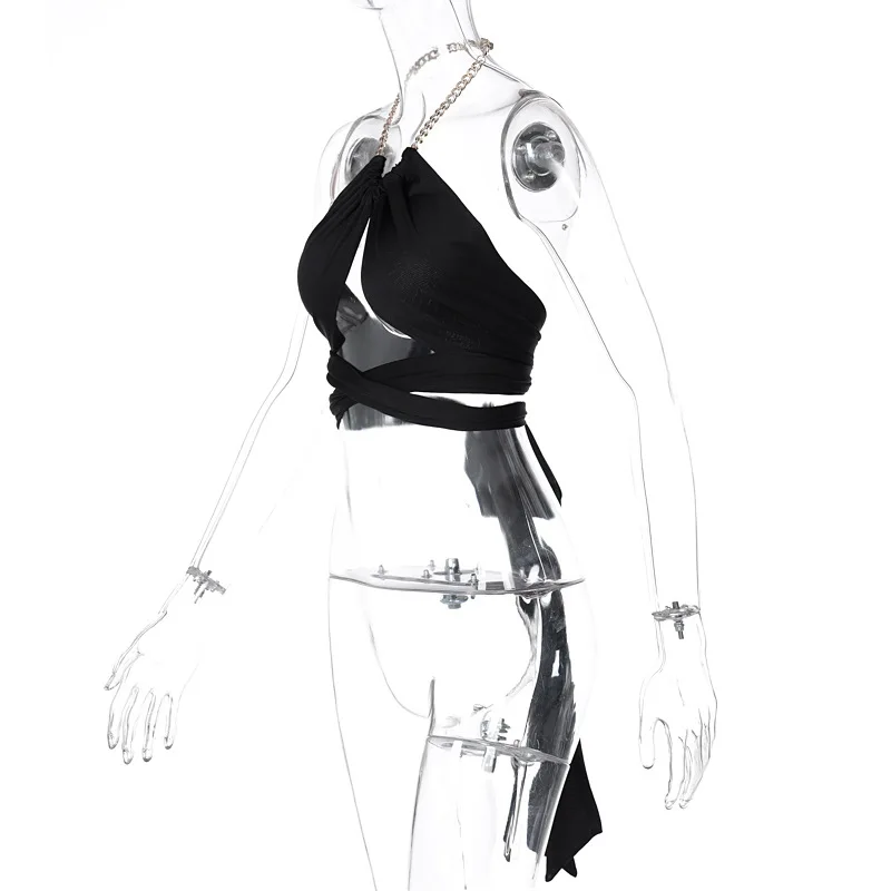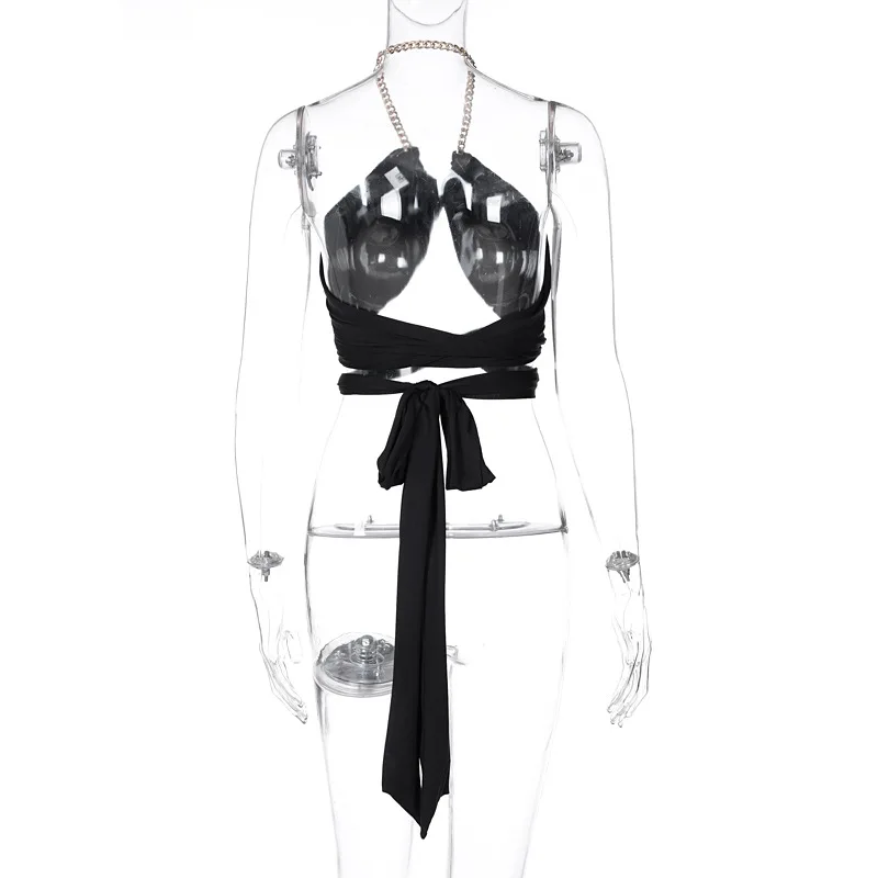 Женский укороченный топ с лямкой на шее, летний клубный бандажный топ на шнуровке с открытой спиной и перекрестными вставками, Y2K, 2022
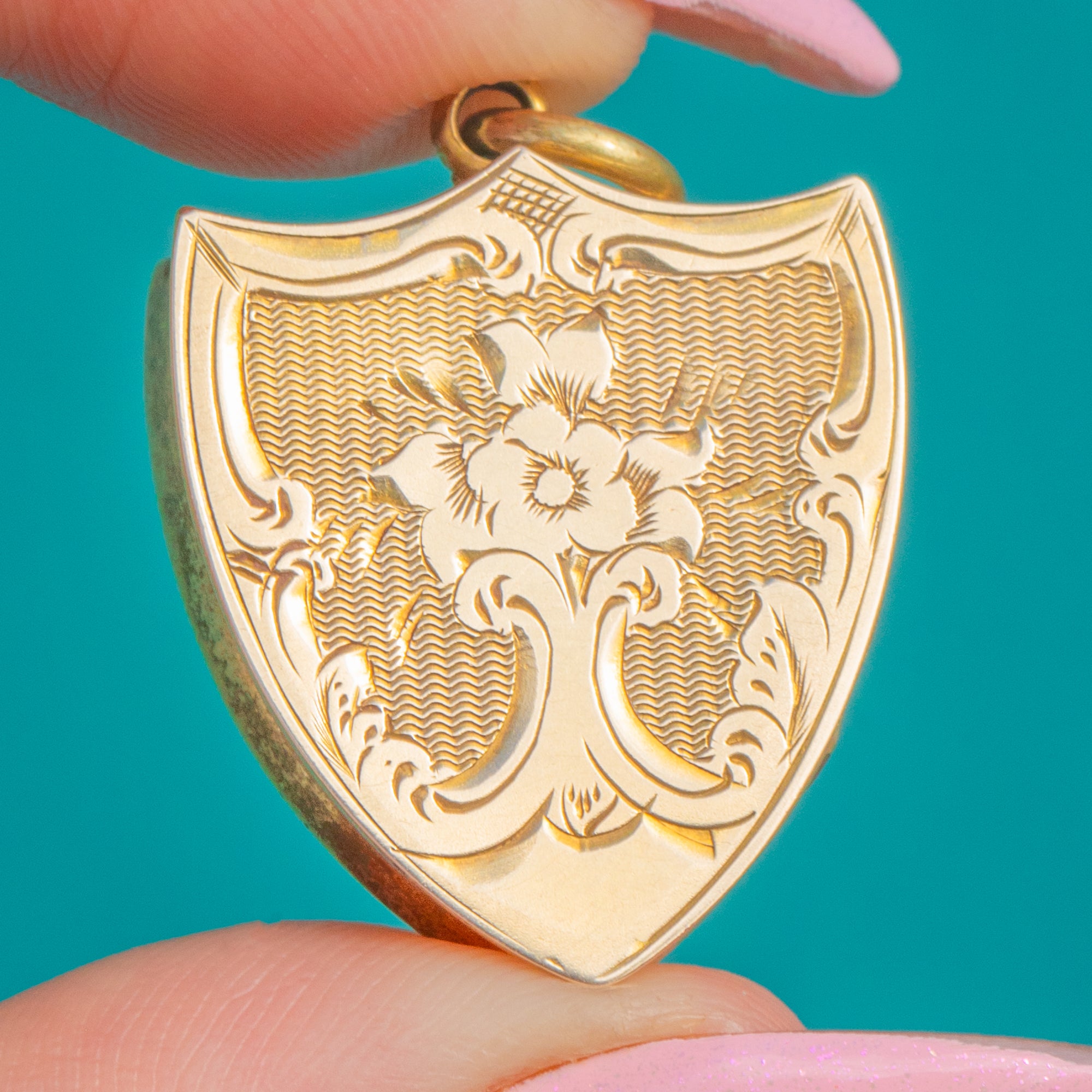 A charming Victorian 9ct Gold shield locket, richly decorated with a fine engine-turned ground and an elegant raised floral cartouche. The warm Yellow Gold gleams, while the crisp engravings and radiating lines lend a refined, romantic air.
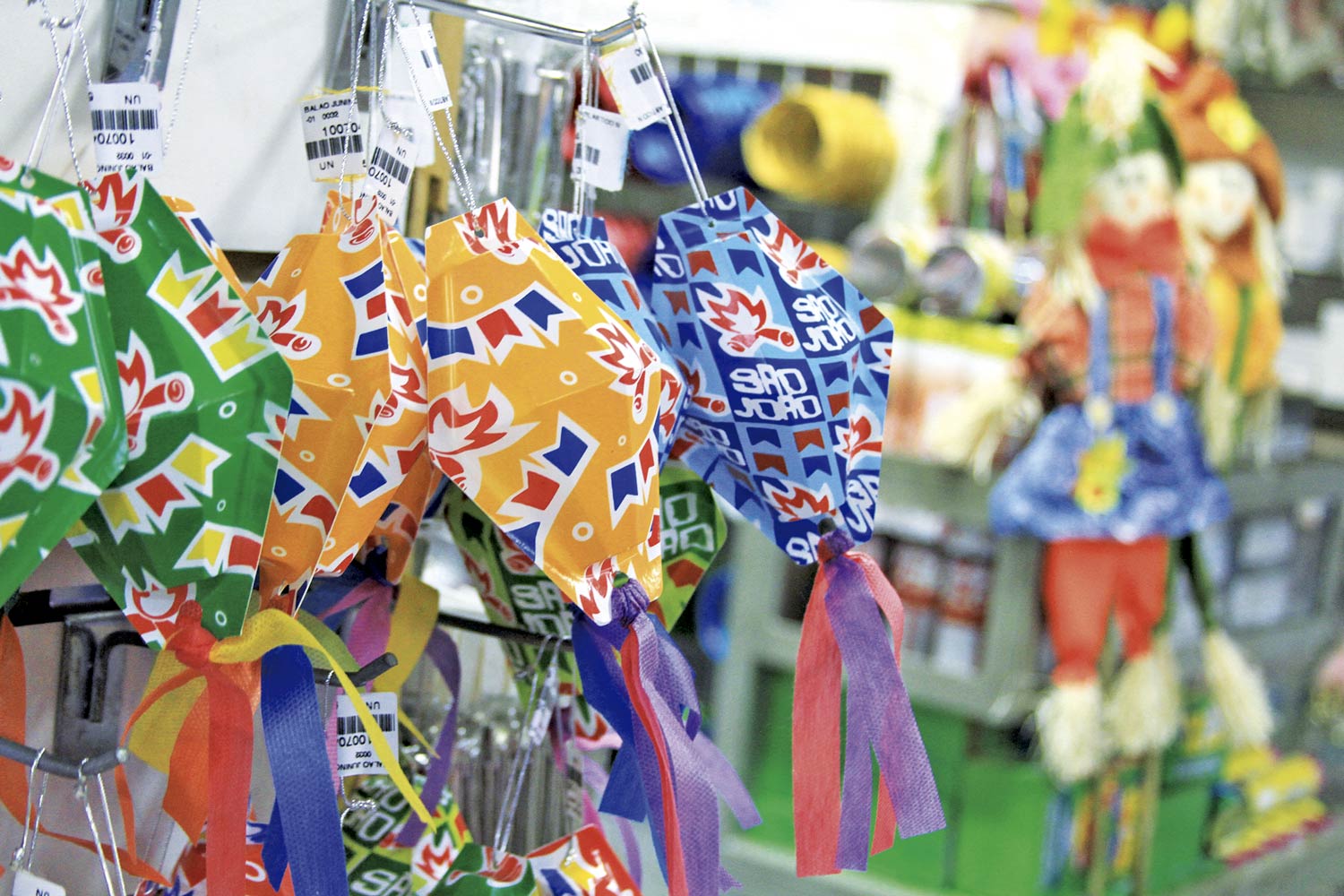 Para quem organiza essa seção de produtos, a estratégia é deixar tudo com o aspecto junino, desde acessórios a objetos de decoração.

--

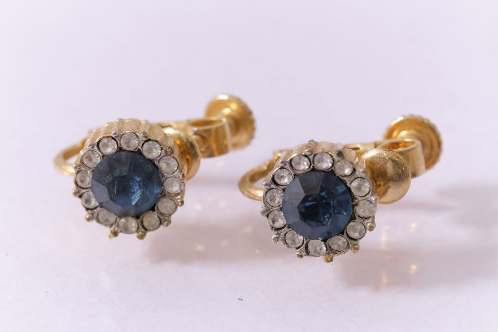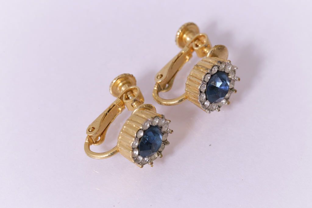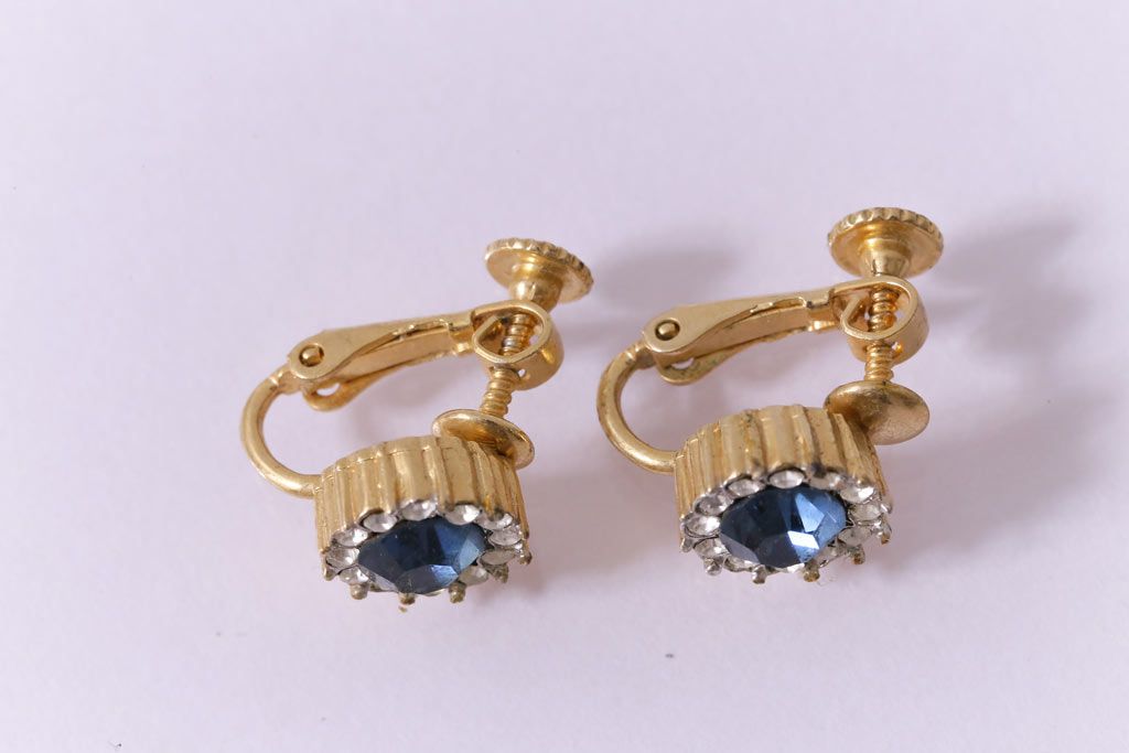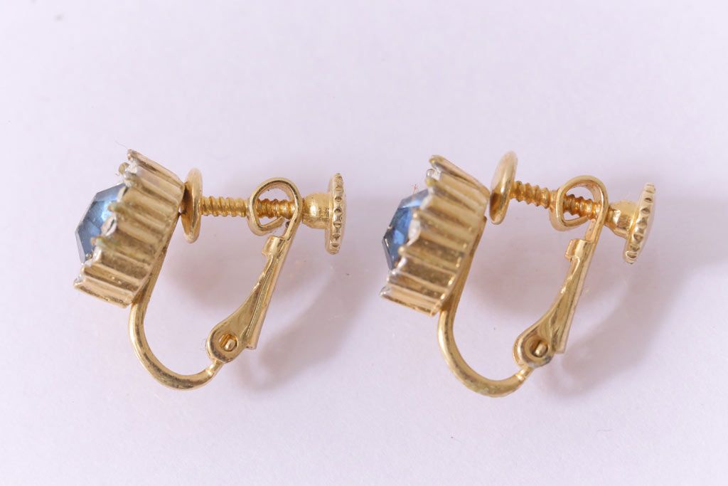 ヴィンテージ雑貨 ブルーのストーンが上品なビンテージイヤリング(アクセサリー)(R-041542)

What to produce: Leaving pictures out, output the lines of the data above from the one with "Женский укороченный топ" through the one with "Para quem organiza", word for word.

Expected output:
 Женский укороченный топ с лямкой на шее, летний клубный бандажный топ на шнуровке с открытой спиной и перекрестными вставками, Y2K, 2022
 A charming Victorian 9ct Gold shield locket, richly decorated with a fine engine-turned ground and an elegant raised floral cartouche. The warm Yellow Gold gleams, while the crisp engravings and radiating lines lend a refined, romantic air.
 Para quem organiza essa seção de produtos, a estratégia é deixar tudo com o aspecto junino, desde acessórios a objetos de decoração.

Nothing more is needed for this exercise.